Indiana lawmakers intended to clear up confusion about charter-school teacher licensing when they approved House Enrolled Act 1382. They did that, but they also opened the door for charter schools to hire some teachers with no requirements whatsoever.

The new law says 90 percent of the teachers employed by a charter school must have or be in the process of obtaining any Indiana teaching license or permit. That includes a so-called charter school license, a lower bar than the standard license required to teach in a regular public school. It could also include a substitute teaching permit; you can get one if you’re at least 18 and have finished high school.

For up to 10 percent of teachers in a charter school, however, the legislation did away with any requirements at all. They don’t need a teaching license, a college degree or even a high school diploma.

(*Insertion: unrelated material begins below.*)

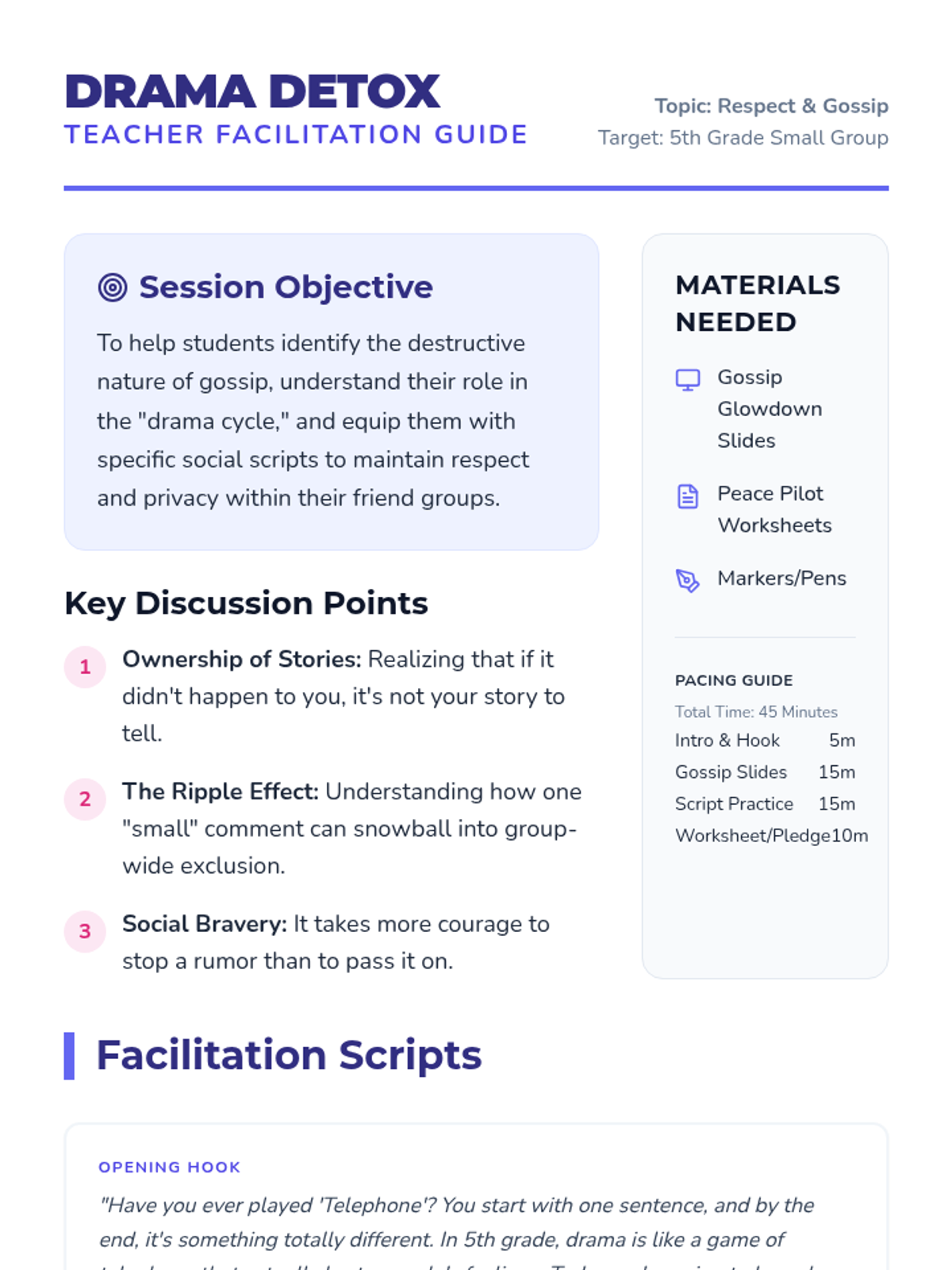 A comprehensive facilitation guide for teachers leading a small-group session on respect and gossip. Includes learning objectives, pacing suggestions, discussion scripts, and strategies for handling common student pushback.

Rep. Robert Behning, author of HEA 1382 and chair of the House Education Committee, said it’s appropriate to give charter schools more hiring flexibility in exchange for being held to higher expectations. He doesn’t think they will hire unqualified teachers.

“The 10 percent of teachers could be qualified professionals who might be considered experts in their field, and who are able to work in a classroom, but who do not currently have a license to teach,” he said in an email response to questions. “Ultimately, staffing decisions fall on the school administrators, who I believe will hire an educator they believe best fits the needs of their students.”